Maybe she could put her time in at the firm for a short period? Sort of like the Peace Corps, they joke.
"Friends call it 'Corporate Corps,' " says Keller, a science teacher at Langley High School in McLean.
About 56 percent of law school graduates immediately enter private practice, according to NALP (formerly the National Association for Law Placement). Fourteen percent go into business. Twenty-two percent enter government, and 5 percent work for a public interest organization or an advocacy practice such as Legal Aid.
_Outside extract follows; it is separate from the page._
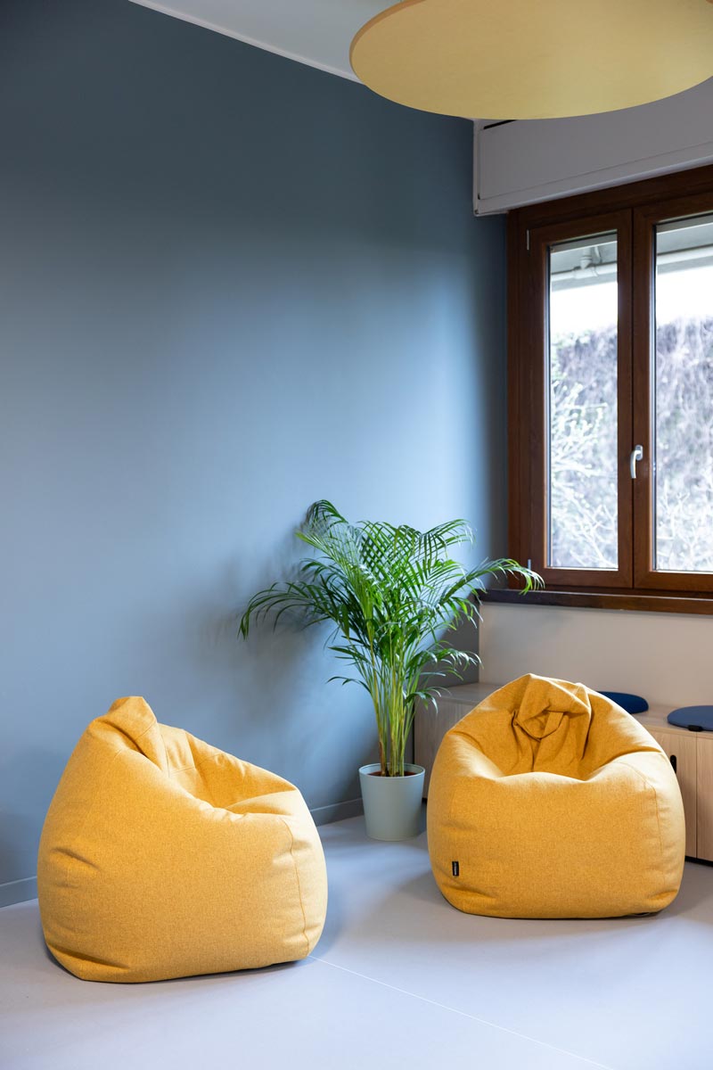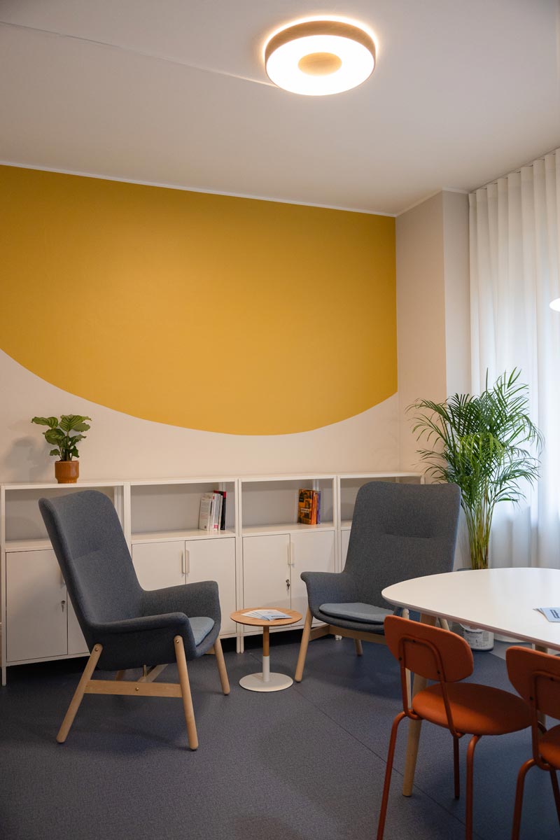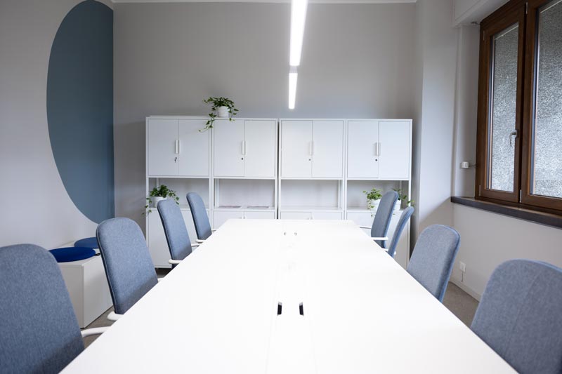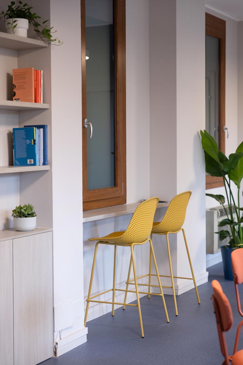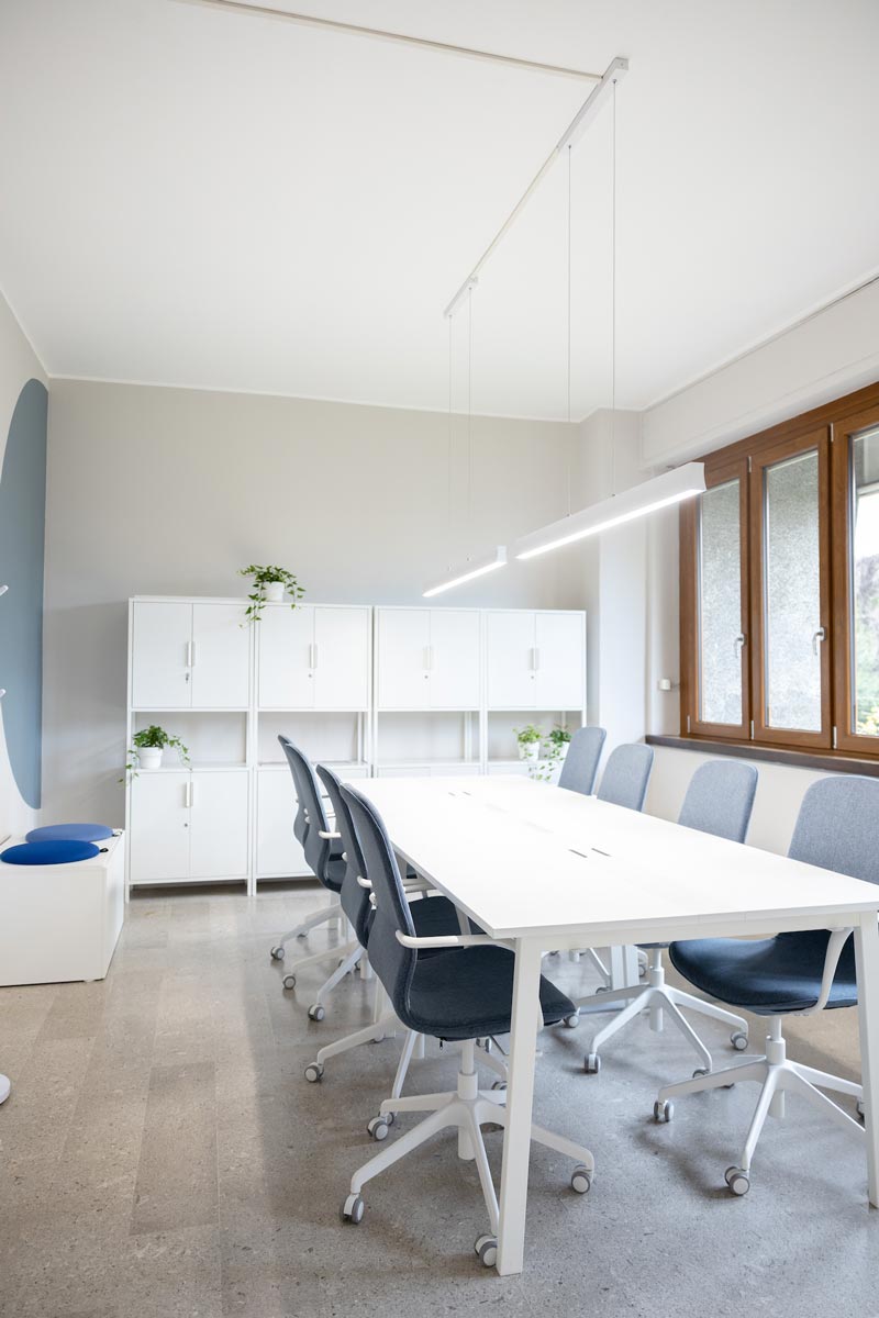 Las particiones son modulares y removibles, permitiendo reconfigurar el espacio según las necesidades operativas o eventos. Un elemento distintivo del edificio original, un bow window en cuarto de esfera, ha sido reinterpretado en el diseño a través de la creación de una sala privada semiesférica, lograda replicando la misma geometría en paredes y techo en posición especular.

The American Bar Association reports that the average amount private law school students borrowed in 2005-06 reached about $83,200; the total was about $54,500 for those in public law schools. The median starting salary for lawyers at non-governmental or public interest organizations is $40,000, according to NALP, and for those in government, $48,000. For private practice lawyers, the median is $95,000. This year, first-year associate salaries at some firms reached $160,000, partners say. That's not counting bonuses.